I'm using Geany 1.22 on Fedora Linux.

The problem:
reST formatted text containing Non-ASCII characters (e.g. German umlauts)
in section titles isn't properly shown in Geany's "Symbols" window: Those Non-ASCII titles aren't shown at all.

Reason:
The implemented vStringLength(name) counts the bytes and not the characters of the title. In utf-8/16 that may not be the same...
Comparing it to the length of the title adornment (line of underlines) gives wrong results.

Solution (at least for utf-8):
Do not count the utf-8 continuation bytes any longer.

I attached a simple solution by recalculating name_len.

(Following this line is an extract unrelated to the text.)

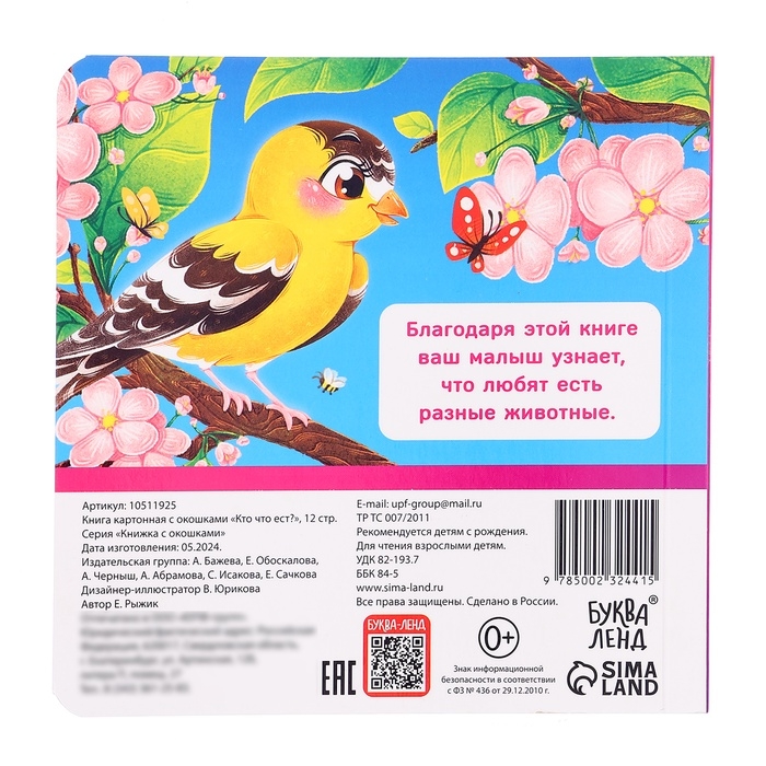Книга картонная с окошками "Кто что ест?", 12 стр.

Since I'm not a C-coder that solution might not be perfect, but for me it works.

Christian

Discussion

  • Diff file for tagmanager/rest.c

     
    Attachments
  • Lex Trotman
    Lex Trotman
    2012-10-18

    Since the text being parsed is always UTF-8 your simple solution should work.

     
  • Lex Trotman
    Lex Trotman
    2012-10-18

    • status: open --> open-accepted
     
    • milestone: --> v1.23
    • assigned_to: nobody --> colombanw
    • status: open-accepted --> closed-fixed
     
  • I fixed it slightly differently in Git for better handling of non-UTF-8 input, but the idea is the same. Thanks for reporting & investigating this!

    @elextr: no, input isn't always UTF-8. It's UTF-8 if we feed the parser with a buffer, but not necessarily if we parse the real file (e.g. with `geany -g`).

     
    • labels: Filetypes --> Filetypes, reStructuredText, parser
    • Found in: --> v1.22